GroupedScope provides an easy way to group objects and to allow those groups to share association collections via existing has_many
relationships. You may enjoy my original article titled Jack has_many :things.
Install the gem with bundler. We follow a semantic versioning format that tracks ActiveRecord's minor version. So this means to use the latest 3.2.x version of GroupedScope with any ActiveRecord 3.2 version.

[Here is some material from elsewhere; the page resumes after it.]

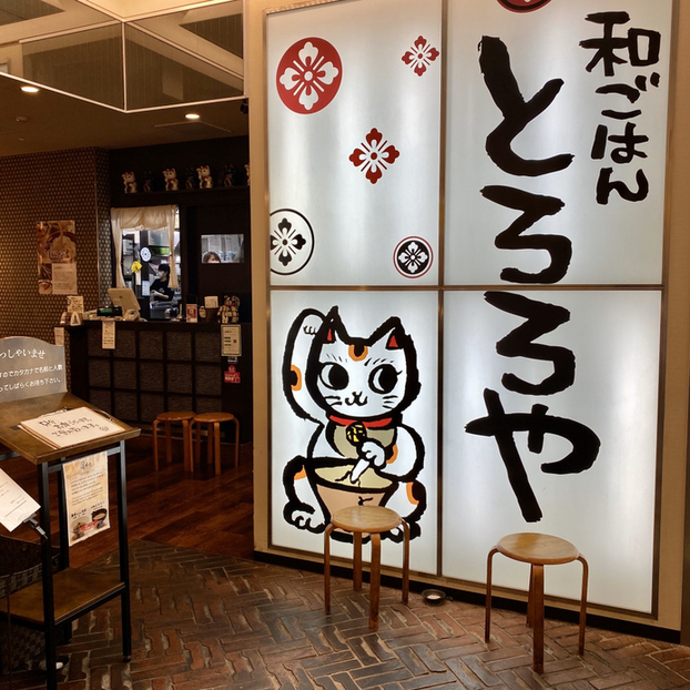 栄・ラシック『8F』★大きな猫が目印です♪和ごはん「とろろや」の名物は日本原種の希少な黄金自然薯を使用した人気の『とろろ汁』♪他ではなかなか食べることができない逸品です♪山の風味豊かで喉ごしがたまりません。美味しい…。栄養豊富で消化にもいい自然薯です!また、ご飯のお供に、バランスの良いおばんざいの小鉢と、お好きなメイン料理でお召し上がりください。 『ご飯・おかわり自由!』です。

gem 'grouped_scope', '~> 3.2.0'
To use GroupedScope on a model it must have a :group_id
column.
class AddGroupId < ActiveRecord::Migration
def up
add_column :employees, :group_id, :integer
end
def down
remove_column :employees, :group_id
end
end
Assume the following model.
class Employee < ActiveRecord::Base
has_many :reports
grouped_scope :reports
end
By calling grouped_scope on any association you create a new group accessor for each instance. The object returned will act just like an array and at least include the current object that called it.

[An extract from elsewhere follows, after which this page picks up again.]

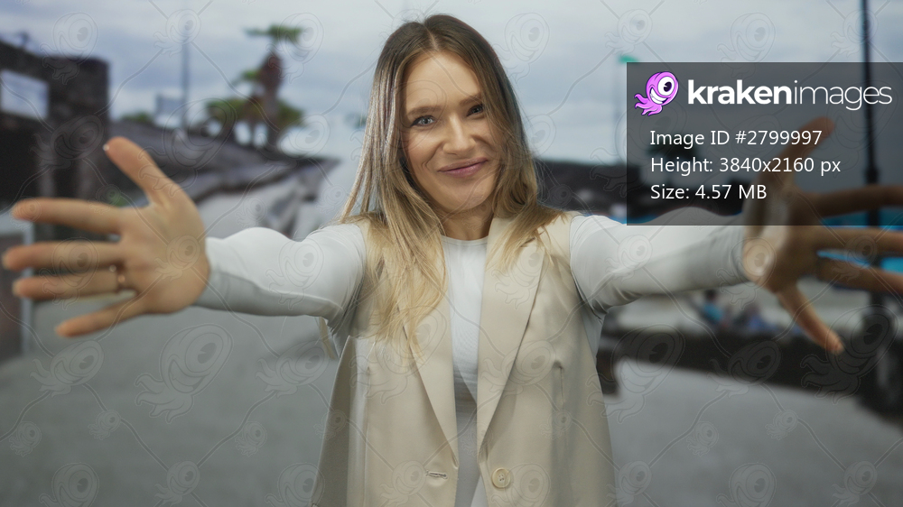 Woman smiling and embracing herself joyfully at a seaside location, with a blurred background of blue umbrellas and a beach ambiance suggesting relaxation. - Kraken Images

@employee_one.group # => [#<Employee id: 1, group_id: nil>]
To group resources, just assign the same :group_id
to each record in that group.
@employee_one.update_attribute :group_id, 1
@employee_two.update_attribute :group_id, 1
@employee_one.group # => [#<Employee id: 1, group_id: 1>, #<Employee id: 2, group_id: 1>]
Calling grouped_scope on the :reports association leaves the existing association intact.
@employee_one.reports # => [#<Report id: 2, employee_id: 1>]
@employee_two.reports # => [#<Report id: 18, employee_id: 2>, #<Report id: 36, employee_id: 2>]
Now the good part, all associations passed to the grouped_scope method can be called on the group proxy. The collection will return resources shared by the group.
@employee_one.group.reports # => [#<Report id: 2, employee_id: 1>,
#<Report id: 18, employee_id: 2>,
#<Report id: 36, employee_id: 2>]
You can even call scopes or association extensions defined on the objects in the collection defined on the original association. For instance:
@employee.group.reports.urgent.assigned_to(user)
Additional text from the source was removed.